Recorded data
============

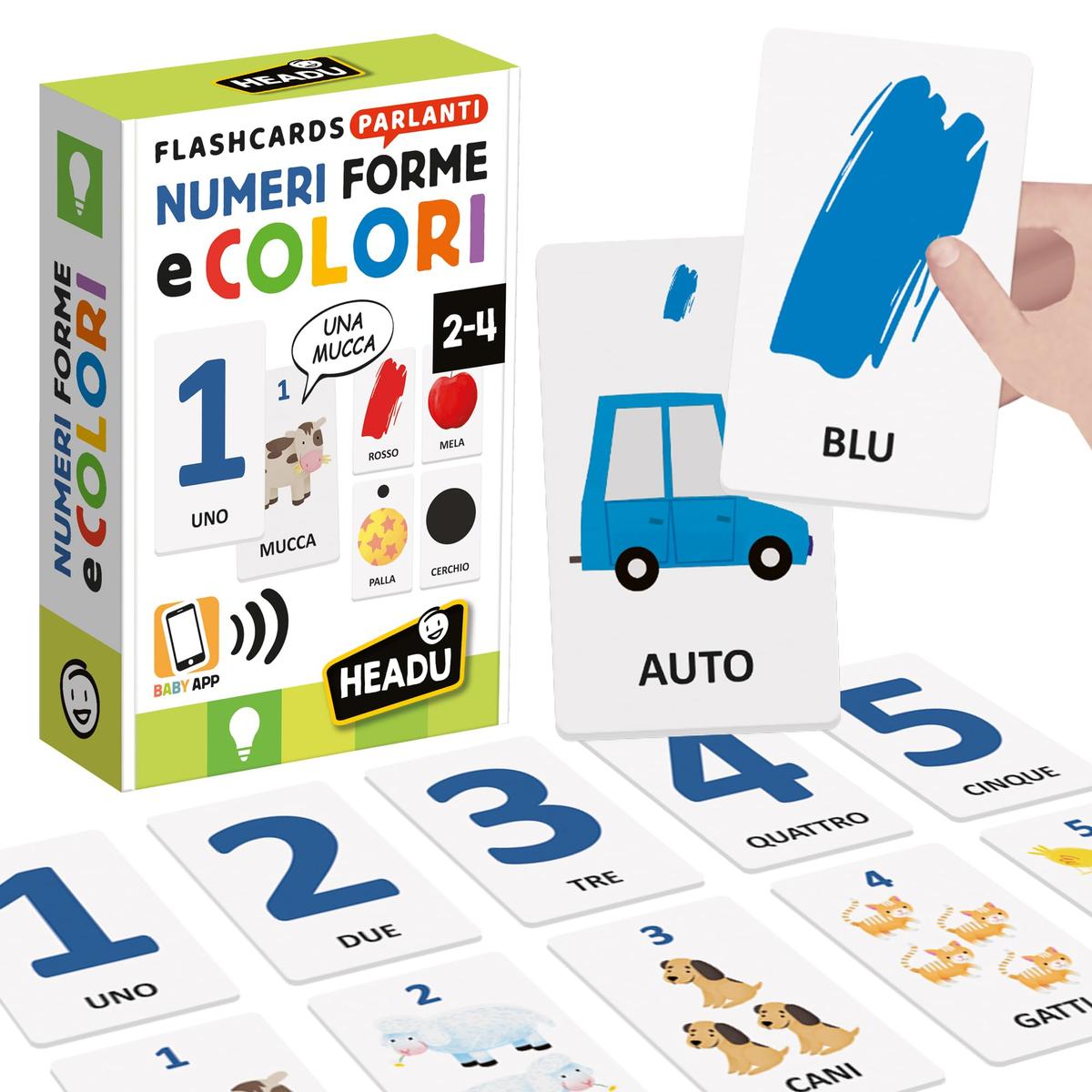 Τι χρώμα είναι το μήλο; Πόσες είναι οι γάτες; Μεγάλες διαδραστικές κάρτες με τις οποίες μπορείτε να κάνετε πολλές δραστηριότητες: να αναγνωρίζετε τα χρώματα, να διακρίνετε τα σχήματα και να μάθετε αριθμούς και ποσότητες. Επιπλέον, με την αποκλειστική εφαρμογή τα παιδιά ακούν την προφορά των λέξεων και ανακαλύπτουν πολλές ενδιαφέρουσες περιέργειες.
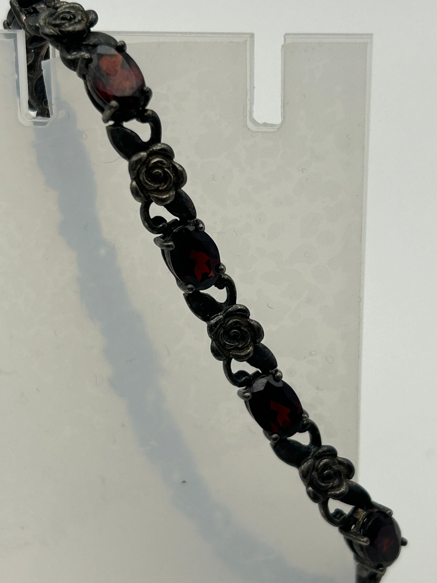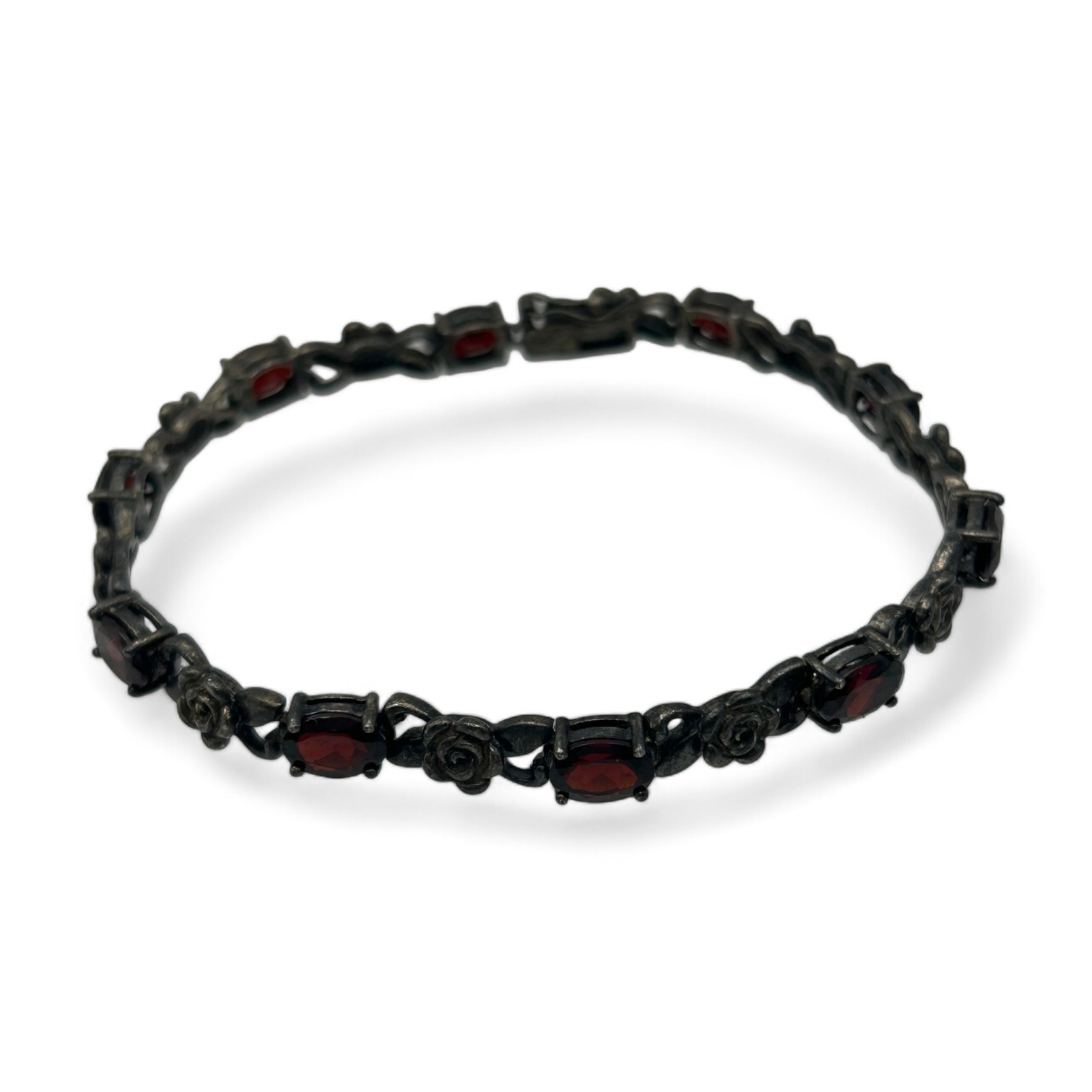 Sterling Silver China Alternating Rose And Ruby Colored Stone Bracelet 13.41g
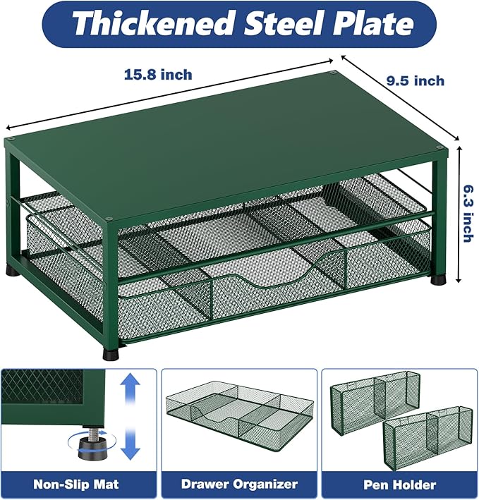 Desk Organizers and Accessories, 2-Tier Computer Monitor Stand Riser with Drawer and 2 Pen Holders, Laptop Stand, Office Desk Accessories for Office Supplies, Dark Green
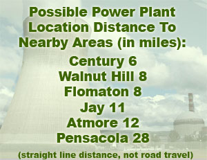 I agree this area can use the help on providing jobs for the future, but a nuclear power plant. I’D MUCH RATHER SEE A SOLAR OR A WIND FARM SITE. WOW!!!!! how things can change so fast even in this small community. WHY BUY UP ALL THESE PEOPLES LAND ASKING THEM TO LEAVE FROM WHERE THEY HAVE LIVED FOR MANY YEARS OR THE ONE WHO HAVE JUST BEGAN A NEW LIVE IN A NEW HOME? WHEN THERE’S A PERFECT SITE FOR THIS POWER PLANT TO USE. “THE CLOSED DOWN MCDAVID MILL OFF HWY 29″ THIS IS AN AREA ALREADY NEXT TO THE ESCAMBIA RIVER, EASY ACCES TO HWY 29, YOU AREN’T MOVING ANYONE OUT OF THEIR HOMES AND JOBS WILL BE PROVIDED AGIN FOR THOSE WHO GOT LAYED OFF. SOMETHING THAT ARE LOCAL OFFICIALS HAVE CERTAINLY THOUGHT OF I’M SURE. Good luck and GOD BLESS US ALL.
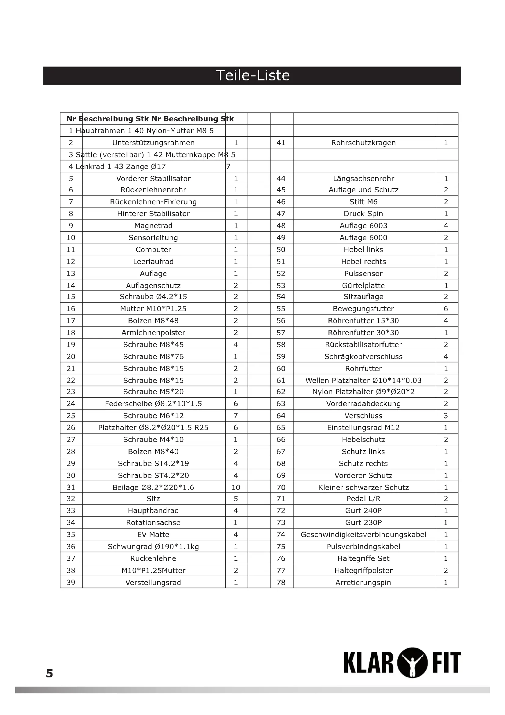 | 7 | Rückenlehen-Fixierung | 1 | 46 | Stift M6 | |
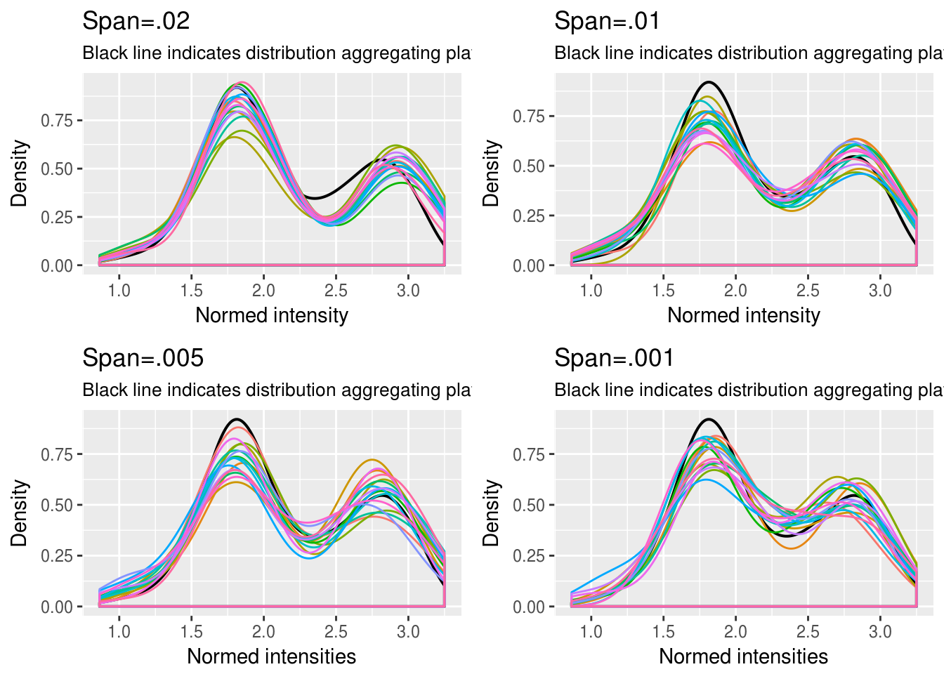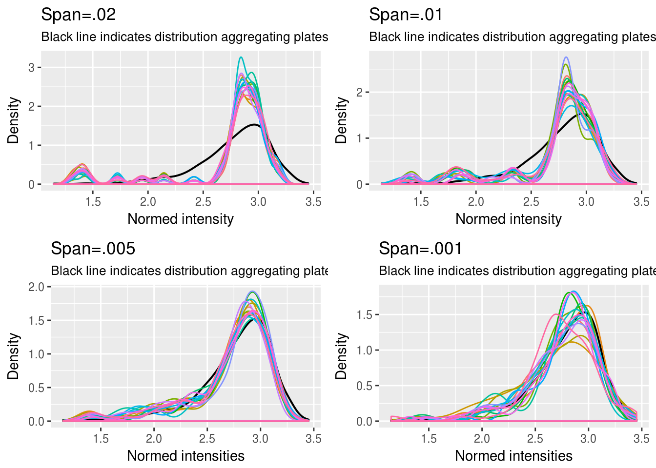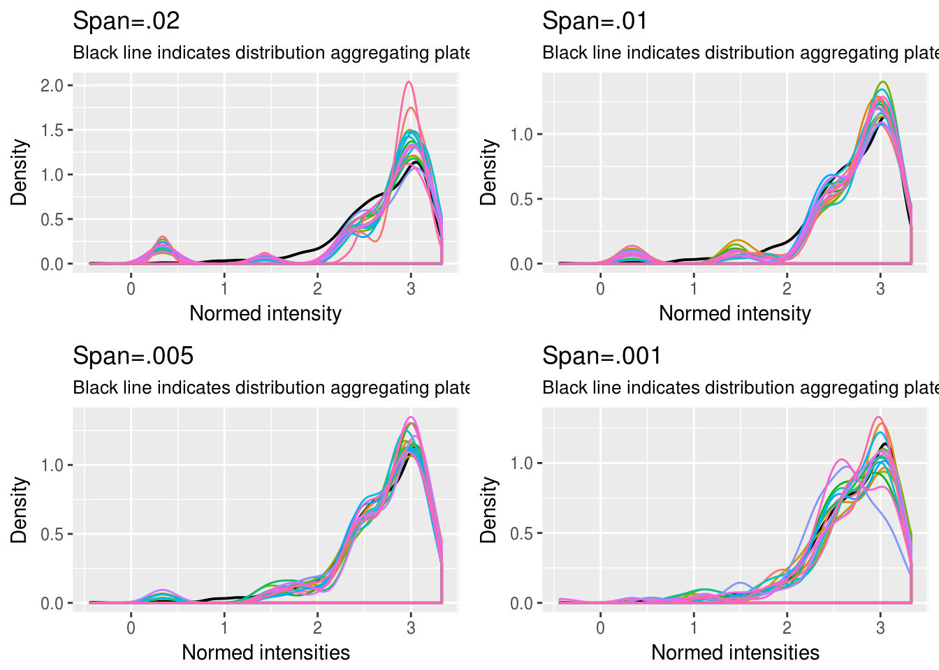 For each plate \(i\), estimate \(l\)-quantiles of intensities on a per-plate basis \(Q^{i,l}= \big( {q^{i,l}_{[1]}, \dots, q^{i,l}_{[n_l]}} \big)\).
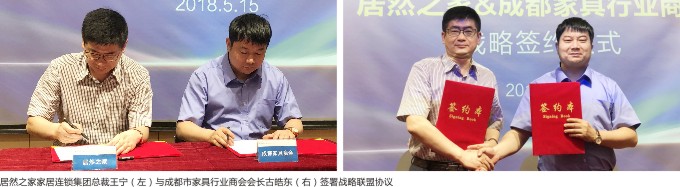 随后,居然之家与成都市家具行业商会战略签约仪式举行。成都家具商会会长古皓东代表川派家居名品联盟与居然之家家居连锁集团总裁王宁一同走上签约台,共同签署战略联盟合作协议,标志着川派家居名品联盟与居然之家正式达成战略合作关系。双方将加强联系,强强联合,共同开创合作共赢新局面。
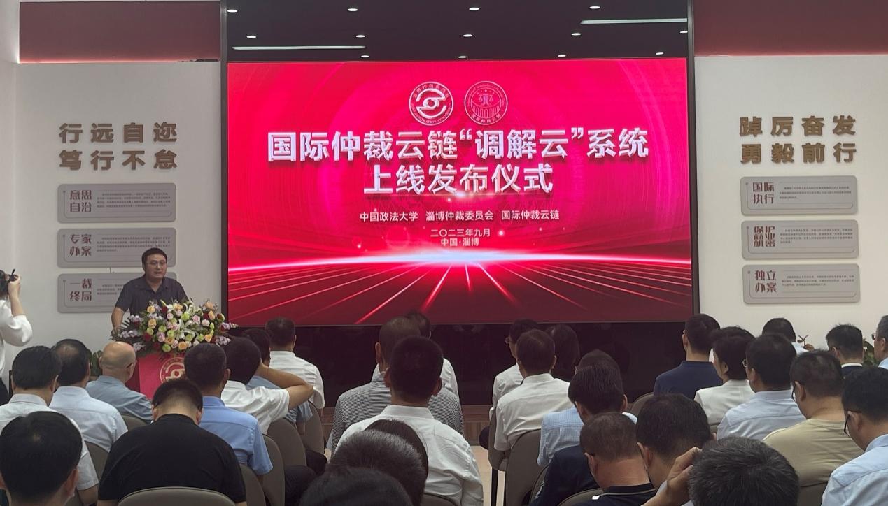 山東省司法廳一級調(diào)研員李世敏,淄博仲裁辦黨組書記、主任張公博,淄博仲裁辦黨組成員、副主任閆世學(xué),中國政法大學(xué)副教授、國際仲裁云鏈理事會副理事長周蔚,中國政法大學(xué)網(wǎng)絡(luò)安全和信息化辦公室副主任張軼舸,泰杭律師事務(wù)所主任、國際仲裁云鏈理事會理事汪政共同為調(diào)解云系統(tǒng)上線揭牌。
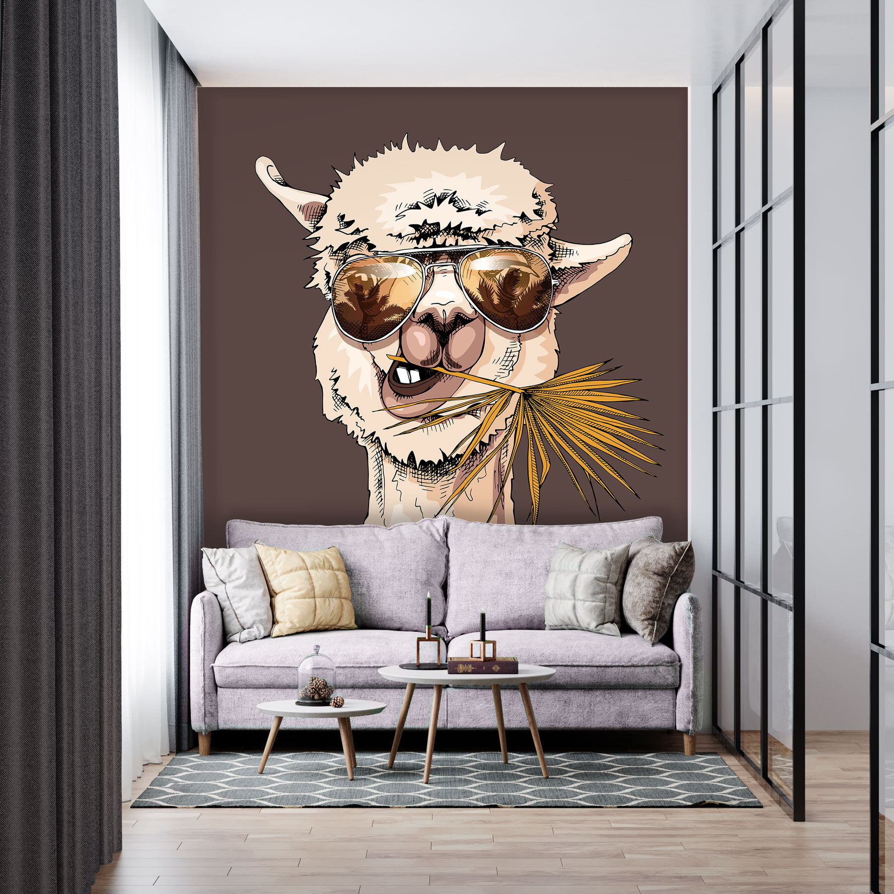 Vi siete mai fatti salutare da un lama? Beh, ora è la vostra occasione! Questo murale presenta un lama super elegante che dondola gli occhiali da sole, assolutamente rilassato e pronto a portare un po’ di divertimento nel vostro spazio. Immaginatelo nella stanza di un bambino o in un’area giochi; aggiungerà un sacco di carattere e un pizzico di fantasia. I vostri ospiti sorrideranno ogni volta che lo vedranno. Lo sfondo marrone tenue lo rende contemporaneo e si abbina bene a molti stili di arredamento. Che sia per un amante degli animali o semplicemente per chi ama l’arte murale unica, questo murale è un modo sicuro per ravvivare qualsiasi stanza!
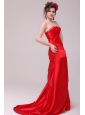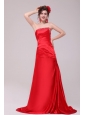 Home >  Prom Dresses >  Plus Size Prom Dresses > Perfect Column Strapless Brush Train Red Beading and Ruching Prom Dress

============

■ WHAT TO PRODUCE:
Pictures are not part of the answer. Restate word for word the lines from the one with "Vi siete mai" through the last line of the records.

■ ANSWER SECTION:
 Vi siete mai fatti salutare da un lama? Beh, ora è la vostra occasione! Questo murale presenta un lama super elegante che dondola gli occhiali da sole, assolutamente rilassato e pronto a portare un po’ di divertimento nel vostro spazio. Immaginatelo nella stanza di un bambino o in un’area giochi; aggiungerà un sacco di carattere e un pizzico di fantasia. I vostri ospiti sorrideranno ogni volta che lo vedranno. Lo sfondo marrone tenue lo rende contemporaneo e si abbina bene a molti stili di arredamento. Che sia per un amante degli animali o semplicemente per chi ama l’arte murale unica, questo murale è un modo sicuro per ravvivare qualsiasi stanza!
 Home >  Prom Dresses >  Plus Size Prom Dresses > Perfect Column Strapless Brush Train Red Beading and Ruching Prom Dress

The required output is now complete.